Vit #

Vision Transformer (ViT) model.

This is a compact “ViT-style” specification:

patch embedding via Conv2D (kernel = patch size),
flatten patches into a token sequence,
add a learnable positional encoding,
run a Transformer encoder,
mean-pool tokens and apply a linear classifier head.

Notes:

PyTorch mental model: this corresponds to the core dataflow of torchvision.models.vit_*, but written without batching: tensors are (C,H,W) images and (T,D) token sequences.
This file provides both mean-pool (ViTSpec) and CLS-token (ViTClsSpec) variants. The CLS-token variant prepends one learnable token before the encoder and pools by taking token 0.
We intentionally keep the patch embedding as a Conv2d with kernel_size=(patchH,patchW). When stride=(patchH,patchW) and padding=0, that matches the usual "non-overlapping patches" embedding used in many ViT implementations.

source

@[reducible, inline]

abbrev Models.ViTPatchOutH (inH patchH stride padding : ℕ) :

ℕ

Output height of the patch-embedding convolution in ViT.

Instances For

source

@[reducible, inline]

abbrev Models.ViTPatchOutW (inW patchW stride padding : ℕ) :

ℕ

Output width of the patch-embedding convolution in ViT.

Instances For

source

@[reducible, inline]

abbrev Models.ViTPatchCount (inH inW patchH patchW stride padding : ℕ) :

ℕ

Number of patch tokens T = outH*outW produced by the patch embedding.

Instances For

Configuration #

We keep ViT architectural hyperparameters in a dedicated config record so the model definition does not hide numeric choices in its types. This mirrors the usual config-object pattern in PyTorch/torchvision model-zoo code.

source

structure Models.ViTConfig :

Type

ViT architectural hyperparameters (spec layer).

patchH : ℕ
Patch height (kernel height for the patch-embedding conv).
patchW : ℕ
Patch width (kernel width for the patch-embedding conv).
stride : ℕ
Stride for the patch-embedding conv (typical: equal to patch size for non-overlapping patches).
padding : ℕ
Padding for the patch-embedding conv (typical: 0).
embedDim : ℕ
Transformer embedding dimension (d_model).
hiddenDim : ℕ
Transformer feedforward hidden dimension (d_ff).
headCount : ℕ
Number of attention heads.
numLayers : ℕ
Number of encoder layers.
numClasses : ℕ
Output classes for the classifier head.

Instances For

source

structure Models.ViTConfig.WF (cfg : ViTConfig) :

Prop

Well-formedness conditions for ViTConfig (the nonzero facts needed by some layer specs).

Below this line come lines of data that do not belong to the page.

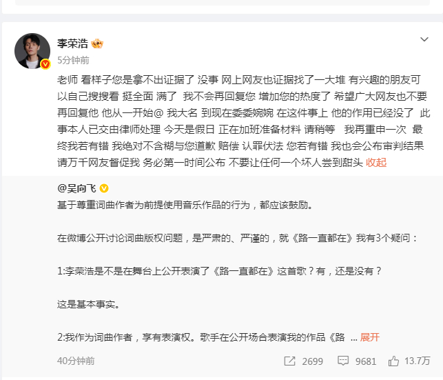 【李荣浩称不会再增加吴向飞热度】难怪李荣浩气成这样3月29日,李荣浩发长文指控单依纯强行侵权引发热议,《路一直都在》作词人喊话李荣浩道歉。后续连发两条博文回复吴向飞指控。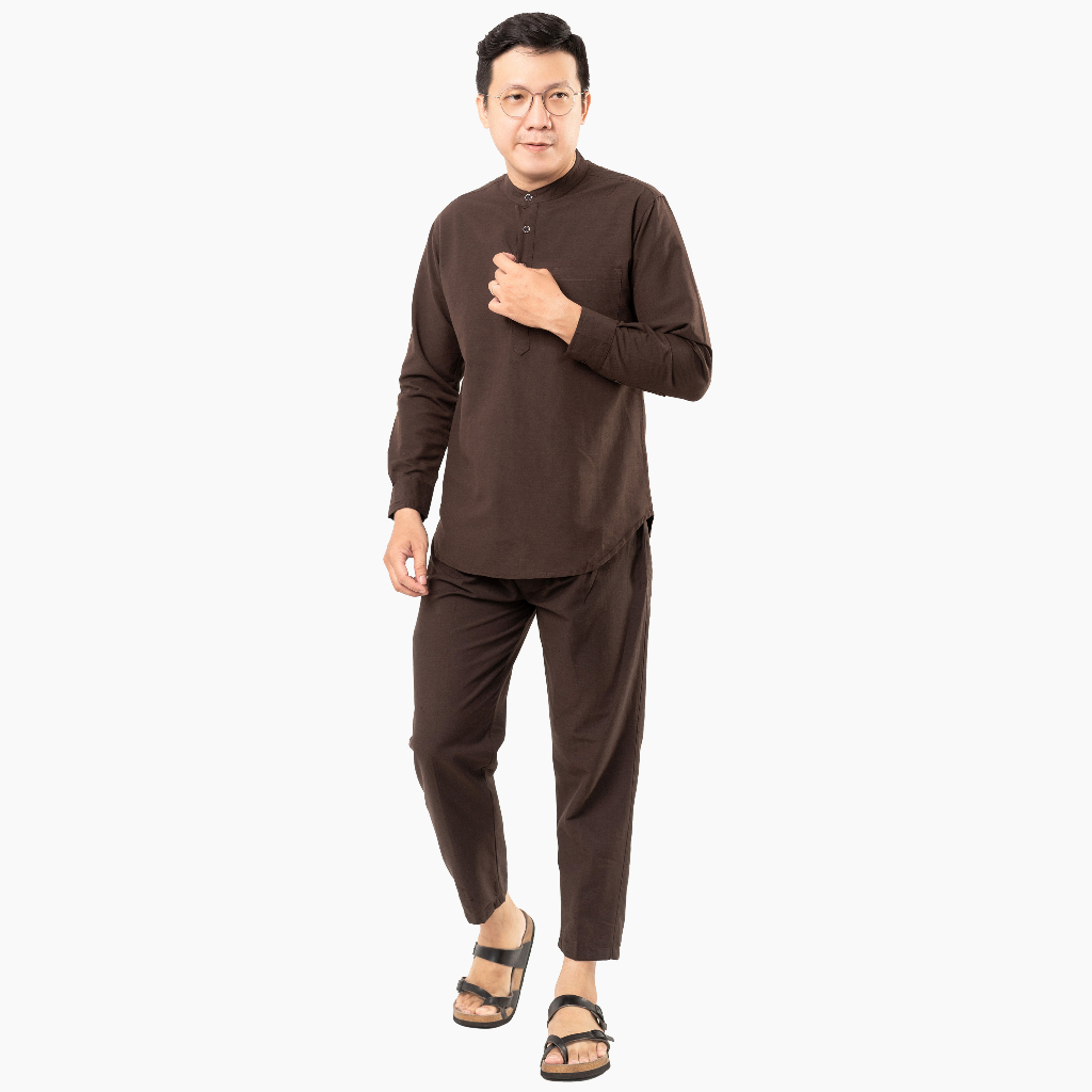 Jane Frey Clothing Setelan Kurta Pria 8105 Long Kurta Set M-XL Kurta Panjang Mahogany Best Seller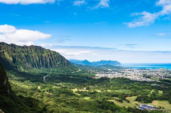 An der Ostflanke der Ko'olau Range brechen die Berge fast 1000 m steil zur Küste hin ab. Vom Aussichtspunkt hoch über dem Meer bietet sich ein weites Panorama über die grünen Klippen, von denen nach der Sage Kamehameha I. die Krieger von O'ahu in den Tod stürzte.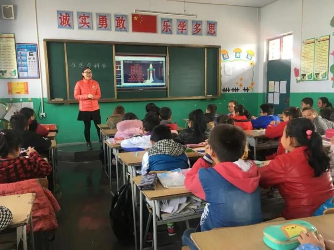 △厦门大学第十七届研支团成员黄一凡在教室中用多媒体上《生活与科学》课程
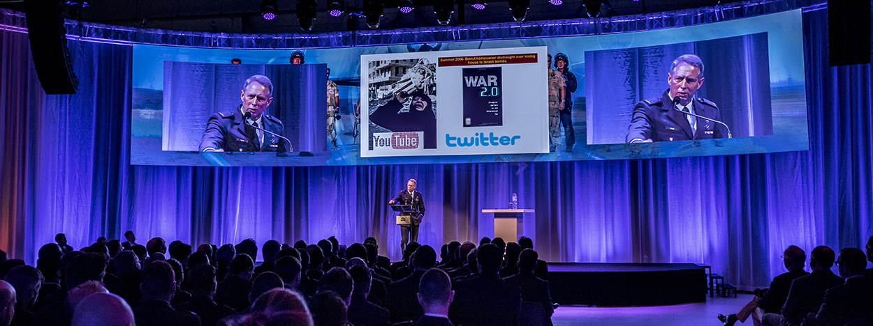 Brigadegeneraal prof. dr. Paul Ducheine (NLDA) sneed het onderwerp cyber aan en alles wat daarmee samenhangt. “Gaat u manoeuvreren in een informatie-omgeving”, vraagt Ducheine de aanwezigen. Zijn antwoord: “Duhûh. Het is geen vraag. U doet het dagelijks. Cyber is geen ver van ons bed show. De informatieomgeving doorsnijdt alle fysieke lagen. Een hacker met een computer kan daarom net zoveel schade veroorzaken als een gevechtseenheid. Ik heb potentieel wereldwijd bereik als ik verbinding heb. En een batterij”. “Cyber brengt een oorlog ver weg, dichtbij”, geeft Hans Folmer, Commandant Defensie Cyber Commando aan. “Maar omdat ontwikkelingen zo snel gaan, zullen we op dit gebied de komende jaren nog niet volledig operationeel zijn.”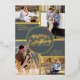 Merry Everything 4 Photo Collage Grey and Gold Foil Holiday Card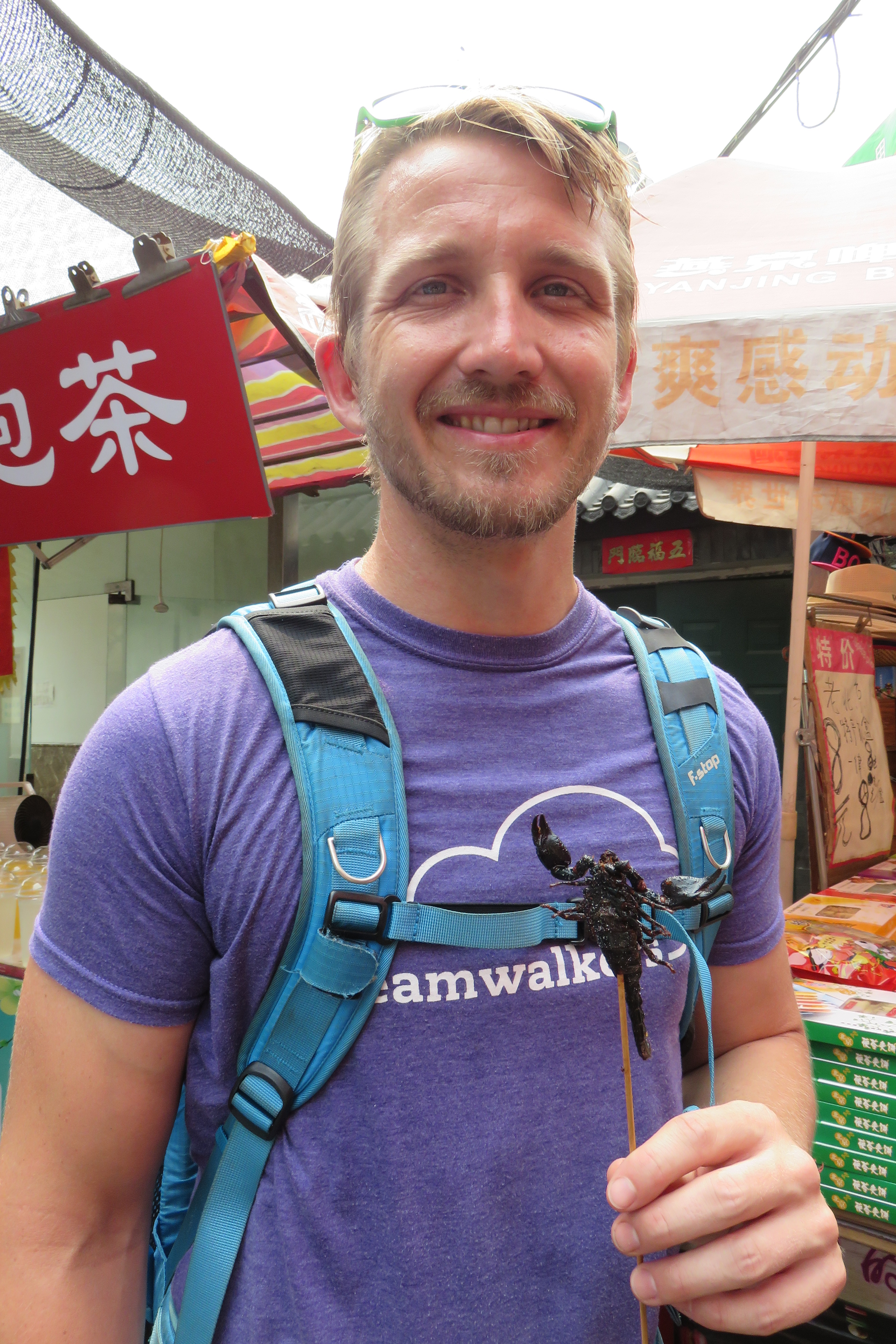 In any case, we finished wandering and found the Wangfujing Night Market, which offers a huge variety of exotic snacks, David fulfilling a life long wish to eat a scorpion. Crunchy (no, it doesn’t taste like chicken) and spicy, not too bad at all.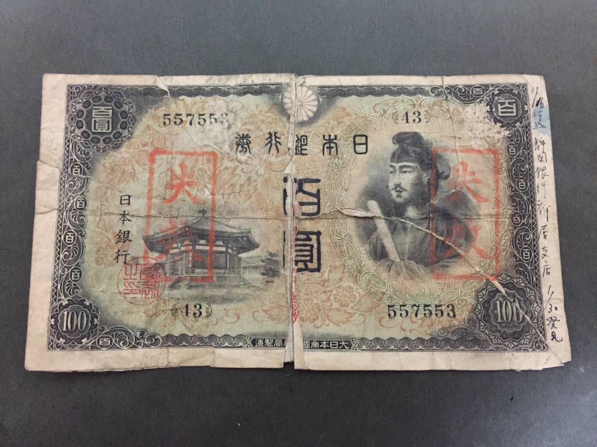- 【大注目!/古紙幣】不換紙幣100円 2次100円 失効印 静岡銀行新居支店 1/30 発見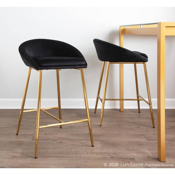 Matisse 26 in. Black Velvet and Gold Metal Counter Stool (Set of 2)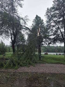 Dans la région du lac Pinehurst, à une heure et demie de route à l’ouest de Toronto, une personne a perdu la vie après qu'un arbre est tombé sur une roulotte.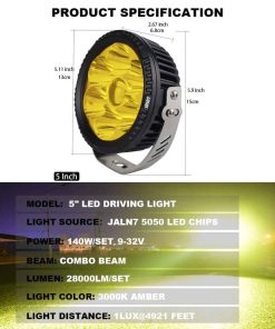 JALN7 Luces LED de Conducción Amarillo 5 Pulgadas Proyector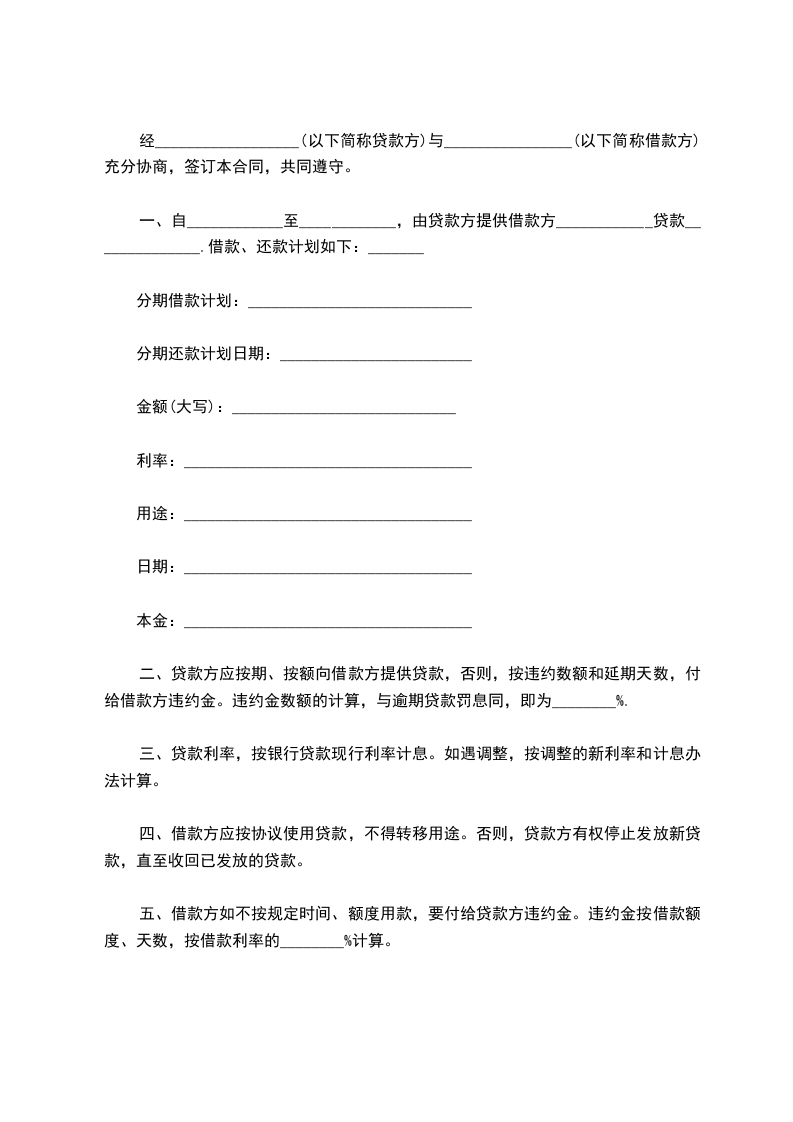 经__________________(以下简称贷款方)与________________(以下简称借款方)充分协商,签订本合同,共同遵守。

patchH_ne0 : cfg.patchH ≠ 0
patchW_ne0 : cfg.patchW ≠ 0
embedDim_pos : cfg.embedDim > 0
hiddenDim_pos : cfg.hiddenDim > 0
headCount_pos : cfg.headCount > 0
numClasses_ne0 : cfg.numClasses ≠ 0

Instances For

source

def Models.vitBasePatch16Config :

ViTConfig

Classic ViT-Base/16-ish hyperparameters (mean-pool variant; spec layer).

Instances For

source

theorem Models.vitBasePatch16Config_wf :

vitBasePatch16Config.WF

vitBasePatch16Config satisfies ViTConfig.WF.

source

def Models.vitLargePatch16Config :

ViTConfig

Classic ViT-Large/16-ish hyperparameters (mean-pool variant; spec layer).

Instances For

source

theorem Models.vitLargePatch16Config_wf :

vitLargePatch16Config.WF

vitLargePatch16Config satisfies ViTConfig.WF.

source

structure Models.ViTSpec (cfg : ViTConfig) (inC inH inW : ℕ) (α : Type) [Context α] [DecidableRel fun (x1 x2 : α) => x1 > x2] (h_inC : inC ≠ 0) (hCfg : cfg.WF) :

Type

ViT parameter bundle (patch embedding + positional encoding + transformer + head).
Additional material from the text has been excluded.